RE: [xml-dev] 3 approaches to structure lists, plus an analysisof each a

[Date Prev] | [Thread Prev] | [Thread Next] | [Date Next] -- [Date Index] | [Thread Index]
RE: [xml-dev] 3 approaches to structure lists, plus an analysisof each approach
From: "Cox, Bruce" <Bruce.Cox@USPTO.GOV>
To: "G. Ken Holman" <gkholman@CraneSoftwrights.com>,xml-dev@lists.xml.org
Date: Thu, 19 Feb 2009 17:02:25 -0500
Thanks for the detailed information, Ken.  It looks like the problem has
been thoroughly addressed and all I have to do is understand it.  :O)


Bruce B Cox
Manager, Standards Development Division
USPTO/OCIO/SDMG
571-272-9004


-----Original Message-----
From: G. Ken Holman [mailto:gkholman@CraneSoftwrights.com] 
Sent: Wednesday, February 18, 2009 8:33 PM
To: xml-dev@lists.xml.org
Subject: RE: [xml-dev] 3 approaches to structure lists, plus an analysis
of each approach

At 2009-02-18 19:47 -0500, Cox, Bruce wrote:
>Ken, does the approach you describe below address version control?

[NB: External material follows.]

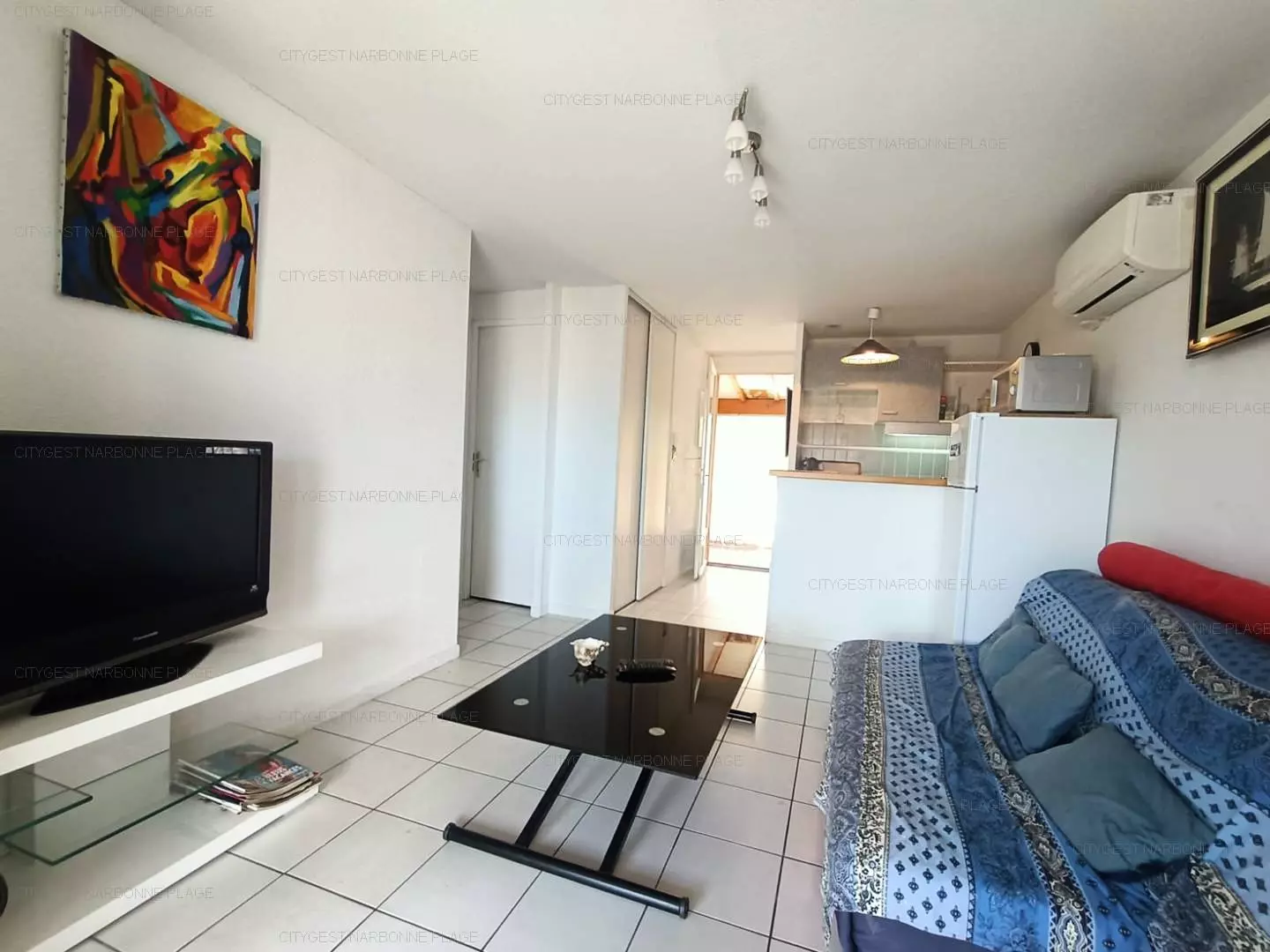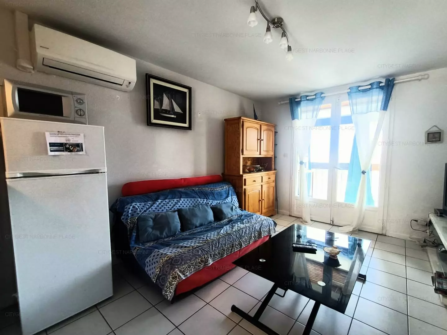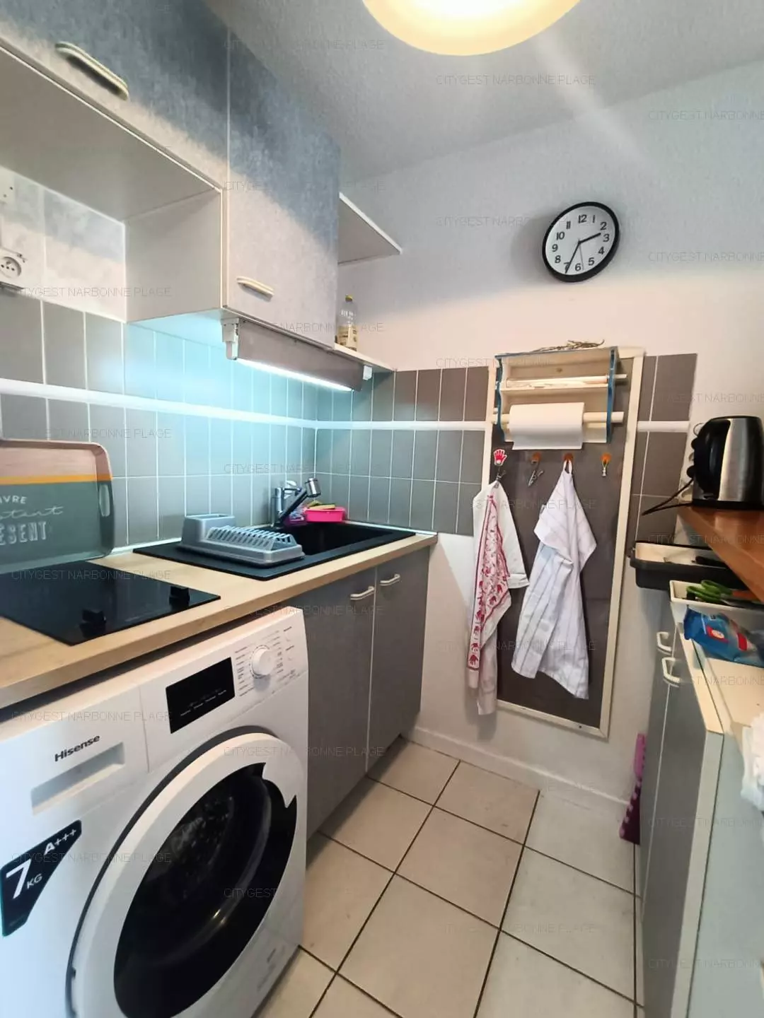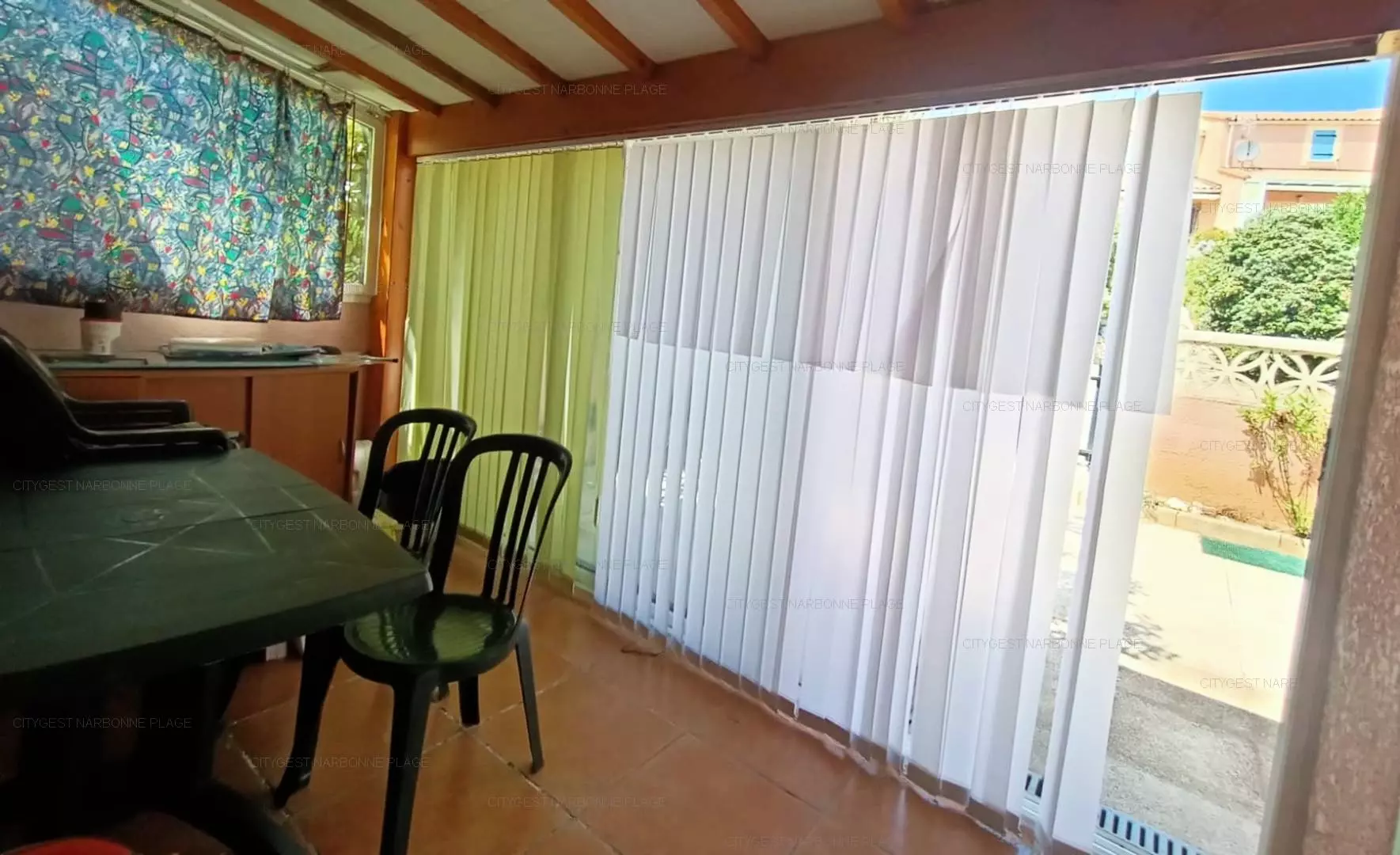 Family house consisting of a courtyard at the front and a veranda, a kitchen area equipped with a washing machine, fridge-freezer, filter coffee maker, kettle and microwave, serving the main room with living room, sofa bed, television.
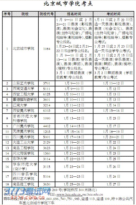 [图文]北京城市学院考点2014艺术类院校考试时间安排

Absolutely.  Each version of every list has unique list-level meta 
data in the XML genericode file expressing the values of the list.

>There is the unfortunate potential for country codes, for example, to
be
>used differently at different times, as geopolitical boundaries change.

Indeed.  Each code in every list can have value-level meta data 
expressed in the genericode file, helping the reader understand the 
semantics represented by each code.

>For a patent publication, we feel we need to know when the country code
>in question was in force, so the version of the list used is important.

It is important to cite *in the XML document* the instance-level meta 
data identifying the list-level meta data of the list from which the 
value in the instance was obtained.  This gives the recipient the 
value-level meta data to interpret the intended semantics of the value.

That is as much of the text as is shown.